Special Forces units in Indonesia are composed from the Indonesian Armed Forces and Indonesian National Police which consist of the following units:

 Joint units
 Kopassus,  special forces and counter-terrorism military unit of Indonesia.
 Indonesian Army
 Kopassus, special forces and Army counter-terrorist unit.
 Tontaipur (Peleton Intai Tempur - Combat Reconnaissance Platoon), platoon-sized special reconnaissance unit under Army Strategic Reserve Command.
 Indonesian Navy
INSFOC, is the joint special forces team of specially trained members from the other Indonesian Navy special forces corps such as Kopaska, taifib, and denjaka.
 Kopaska, commando frogman unit.
 Taifib, reconnaissance-commando unit, under command of the Marine Corps
 Denjaka, special operations and maritime counter-terrorism forces.

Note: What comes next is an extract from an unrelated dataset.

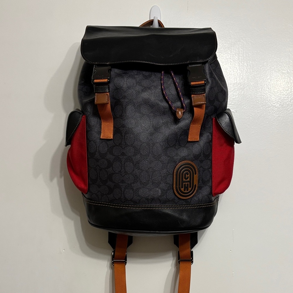 Gently used high end coach backpack originally $595. Signature coated canvas and refined calf leather with inside zip, cell phone and multifunction pockets. Inside sleeve with secure tab for a 15" laptop. Drawstring and speedclip closures, fabric lining. Adjustable shoulder straps 10 3/4" (L) x 15 3/4" (H) x 6" (W). Great used condition with no stains, just small scratches on the hardware - see pics. Clean inside too!

 Kesatuan Gurita, Indonesian Marine Corps counter Terrorism unit.
 Indonesian Air Force
 Kopasgat, special operations unit, particularly used in the role of airfield security, seizure, control, air defense, combat control, and combat search and rescue, also counter-terrorism. 
Bravo Detachment 90 is a counter-terrorism unit whose personnel are specialists recruited and chosen from the Indonesian Air Force's Paskhas corps.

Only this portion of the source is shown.